Catan Live

I meant to write about Catan Live a couple of weeks ago, but then my 360 died and I lost the will. Lucky for me, before the death throes began, I managed to play four games against the PC on low and medium difficulties (won three, I think) and one game online (just barely finished second.) It was enough to get a sense for it and I was happy to see that Catan Live was about as faithful to the board game as it could have ever been. That’s a good thing: there’s no reason to change what already works.

The mechanics are accurate and the interface is really smooth and intuitive, so the only remaining thing worth considering is the quality of the opponents. The AI opponents, specifically. While I didn’t play it on the hardest difficulty, I found the medium opponents to be surprisingly competent. They were still a little exploitable when it came to trading, but their actions outside of that felt natural. Some people have complained that the AI cheats, mostly by fixing dice rolls, but I didn’t sense that at all (you can hit right trigger and right button to see a bell curve of dice roll odds and how all the current game’s rolls compare. There are the occasional aberrations, but it tends to balance out in the end. Nothing unusual. I once played a physical Catan game during which 12 was rolled numerous times). Others have complained that the CPU opponents tend to mercilessly gang up on you if you’re winning. Well, yes. That is how the game is played.

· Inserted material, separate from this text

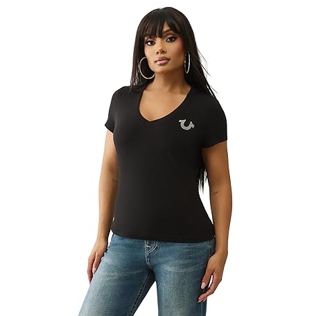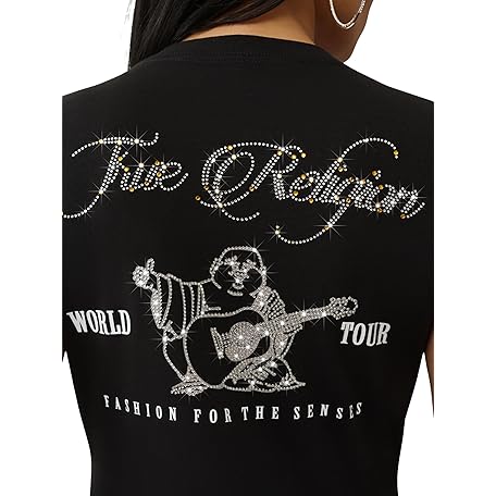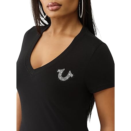 • True Religion Crystal Buddha Vネック Tシャツ 女性用 – グラフィック 半袖 コットンブレンド トップ

It’s a great little title and definitely worth the points, and while I am happy with the purchase I do remain a little disappointed. Not because of the merits of the game but because of more tangential factors. One of the reasons that I was looking forward to boardgames on XBox Live, especially these German games that I read so much about, was because I had no one to play the physical games with. Playing online or against a computer was the only way I would experience them and see what all the fuss was about. I said as much a year ago when talking about “Waldschattenspiel”. It was true at the time.

It isn’t any longer. In the last few months I’ve been having semi-regular game nights with some friends. It was Risk and Axis and Allies at first but I quickly suggested this game I read about: Catan. Suffice it to say, it was a hit and now we play that and Tigris and Euphrates (personal favourite) and Carcassonne and Puerto Rico and the Cities and Knights of Catan expansion and what will likely be many more such games in the future.

Catan Live is great, but nowadays I’d rather just play the real thing. In person. Annoying the fuck out of people by constantly proclaiming “I have wood!” during each and every trade phase. The CPU opponents, smart as they are, just don’t find the humour in that.